Lists: | pljava-dev |
---|
From: | Erik Mata <erikmata(at)gmail(dot)com> |
---|---|
To: | pljava-dev(at)lists(dot)postgresql(dot)org |
Subject: | Fail to create distributed table in Citus |
Date: | 2020-11-19 15:23:26 |
Message-ID: | CAB0C2fn42hT7RQGK+MwTG-rnxj6eKEhnBr3vyjvZsVOu0gv7qQ@mail.gmail.com |
Views: | Raw Message | Whole Thread | Download mbox | Resend email |
Lists: | pljava-dev |
I have set up a local docker environment with a total of 4 Postgres server
instances, all including Citus (9.5.0) and PL/JAVA (1.6.1) extensions:
- 1 as Citus master
- 3 as Citus workers
I have set up a simple routine in PL/JAVA which creates a table and
requests that the table be distributed in the cluster, as:
CREATE TABLE test1 (a BIGINT PRIMARY KEY);
SELECT create_distributed_table('test1', 'a', colocate_with=>'none');
I connect to the Citus master server via a JDBC-connection to localhost.

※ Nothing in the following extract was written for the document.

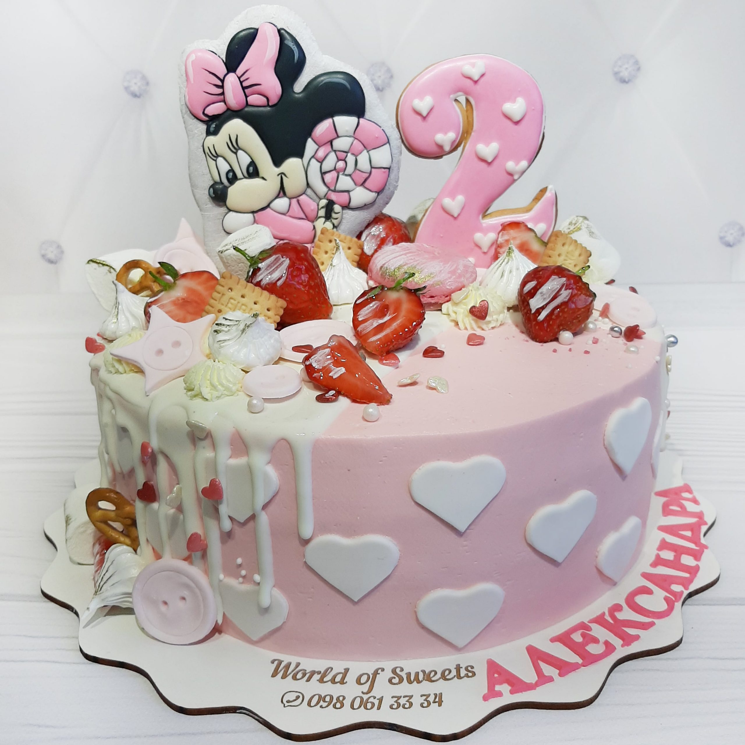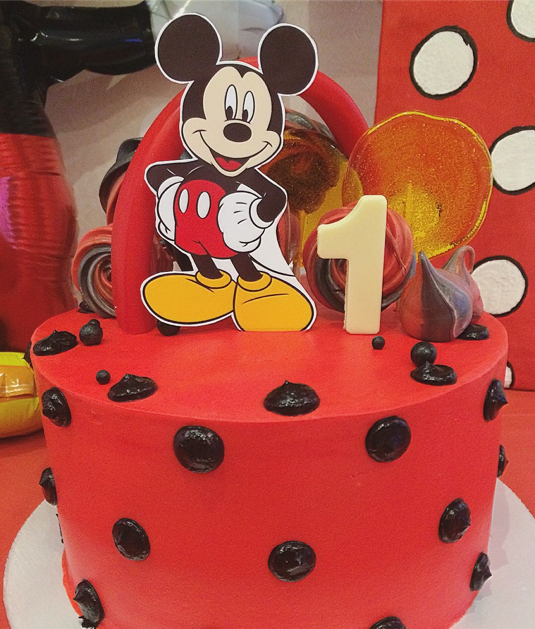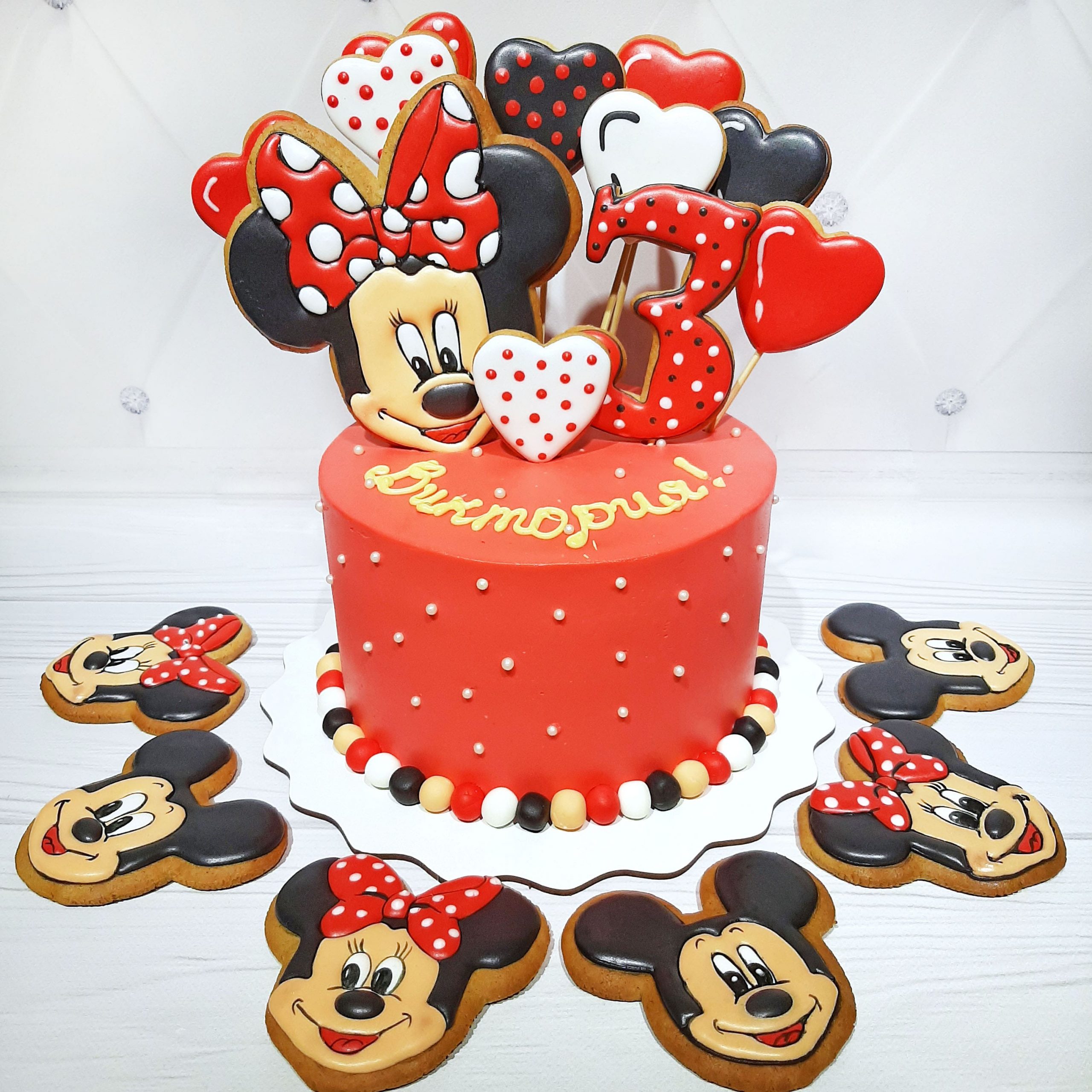 По традиции торт с Микки Маусом украшается символическими сердечками, ленточками, диснеевскими звёздочками, медово-имбирными пряниками с цифрами или силуэтом мордочки героя. Мы также добавим любую надпись к торту, дополним дизайн фигуркой из мастики. Мышонок Микки или его кокетливая подружка, может застенчиво стоять на торте, сжимая в лапках несколько воздушных шаров.

I then call the PL/JAVA routine, as:
SELECT test_create_distributed_table();
This results in a local table being created on the Citus master node, but
no tables are created on the workers and the Citus utility functions tell
me that the table is NOT distributed.
If I use the same statements that I have included in the PL/JAVA routine
(see above), but I execute them from within e.g. DataGrip, connected to the
Citus master node, the table is created and distributed correctly. I can
see that the correct tables are created on the workers and the Citus
utility functions tell me that the table is indeed distributed.
So, it seems that there is nothing wrong with my setup (cluster).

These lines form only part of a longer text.